If the Effective Transmission Number rises substantially, it’s possible the county could again be threatened with having so many critically ill patients, it exceeds the number of intensive care unit beds.

Officials are starting to see a decline in the number of coronavirus patients in the ICU.

If disease transmission rates rise, it's possible L.A. County could run out of intensive care unit beds.
If disease transmission rates rise, it’s possible L.A. County could run out of intensive care unit beds.
(Los Angeles County Department of Health Services)

There is an added potential problem: It can take two to four weeks before hospitals start seeing a surge in patients after they’ve been infected, so it can take some time before officials realize what’s going on.

Ghaly said L.A. County residents can’t simply get back to life as they once knew it right now “because so many of us across the county are still susceptible to COVID-19,” she said.

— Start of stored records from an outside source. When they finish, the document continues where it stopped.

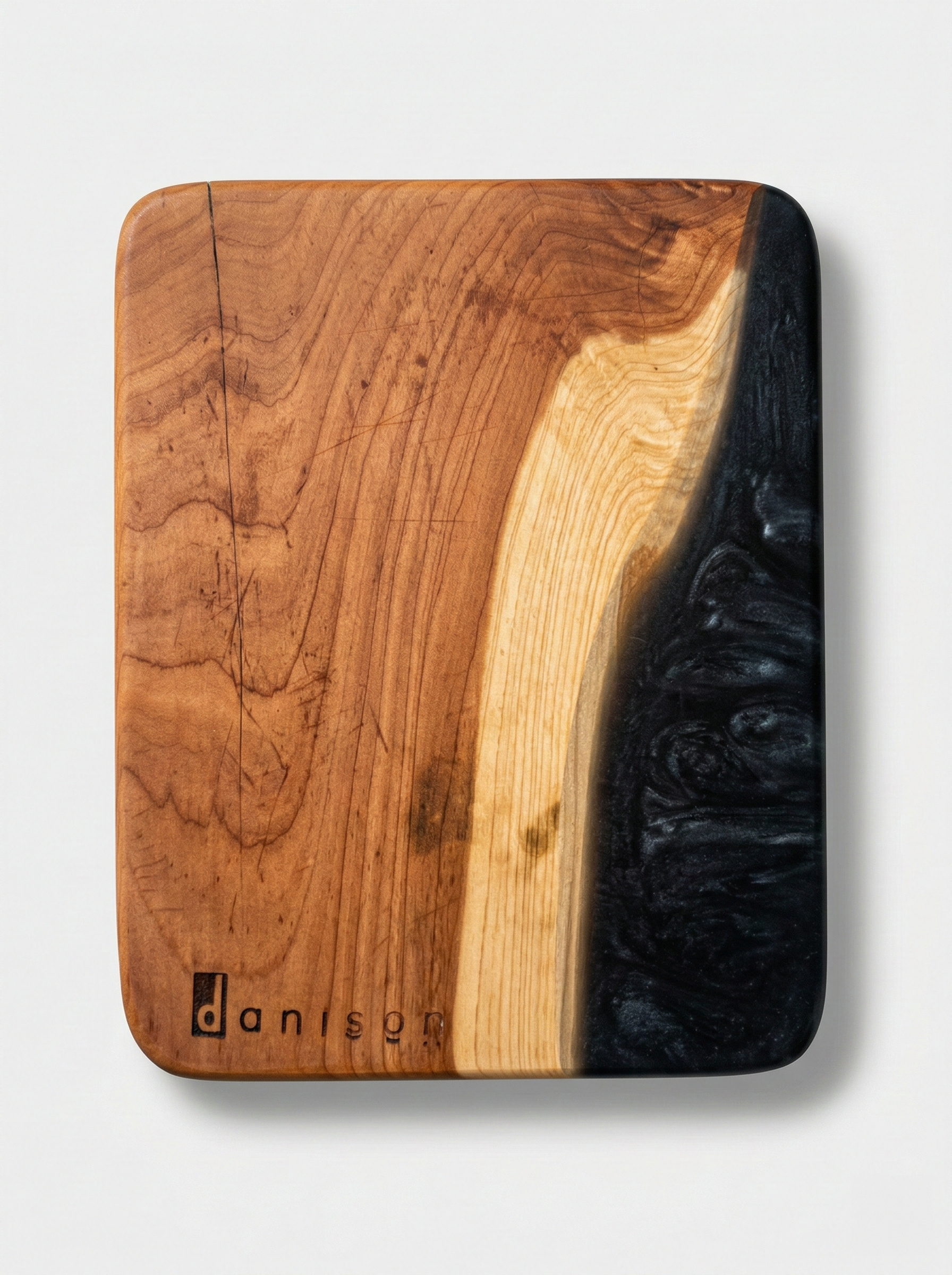 This handcrafted mini bar board features a striking blend of natural hardwood and deep black resin. The warm wood grain showcases beautiful organic lines and tonal variation, highlighted by a lighter live-edge detail that flows seamlessly into the rich, swirling resin accent. The contrast between the earthy wood and bold resin creates a modern yet timeless look.
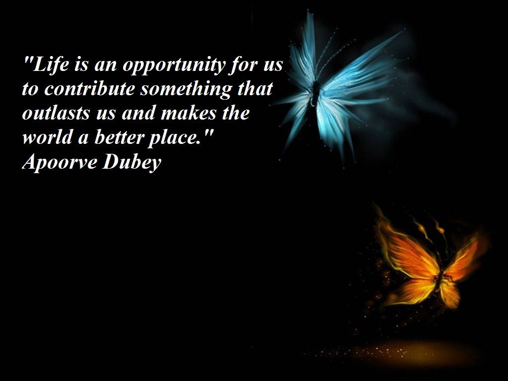 Description: A butterfly flying in the dark with a quote on it that says life is an opportunity for us to contrive something that contags us and makes the world a better place.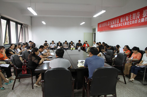 学院把征求意见、找准问题摆在重要位置,对“四风”问题进行再聚焦,力求查实找准。学院在7月上旬通过书面、网络、电话、设置意见箱及电子邮件等方式征求意见的基础上,开学初,利用教职工会议,向全院教职工原原本本通报了上次征集到的意见,并再次向全院教职工发放了意见征求表,征求全院教职工的意见。同时,8月30日,专门召开了学院学生代表座谈会,通过座谈交流面对面诚垦地向学生征求意见。

If people did go back to old habits, she said, “then we will experience a rapid increase in cases and that will require drastic action that none of us want to revisit.”

“The better question is what we can do to get back to work and get back to our lives in ways that still protect our families and our community,” Ghaly said. “Both are important for our overall health and well-being, and for the vibrancy of our community. And both are very possible.”

The strategy, Ghaly said, includes:

  • Accepting that masks will need to be used in public
  • Practicing physical separation when outside the home
  • Continuing to wash hands and cleaning frequently touched surfaces
  • Being cautious around older people or those with underlying health conditions
  • Respecting new rules in venues that commonly have placed people close to one another, such as restaurant dining rooms, when they reopen
  • Following isolation and quarantine rules when sick or exposed to a sick person
  • Increased testing for at-risk populations

Federal officials have said they expect it will take 12 to 18 months at the earliest to see a vaccine. And they’ve warned about a surge of cases that may come in the fall.

“We are not going to get back to the normal, the way it was,” Ghaly said. “But we can and will get to a place that allows everyone to earn a living, to take care of themselves and their family, to find enjoyment in their lives. And then that allows us to be healthy at the same time.”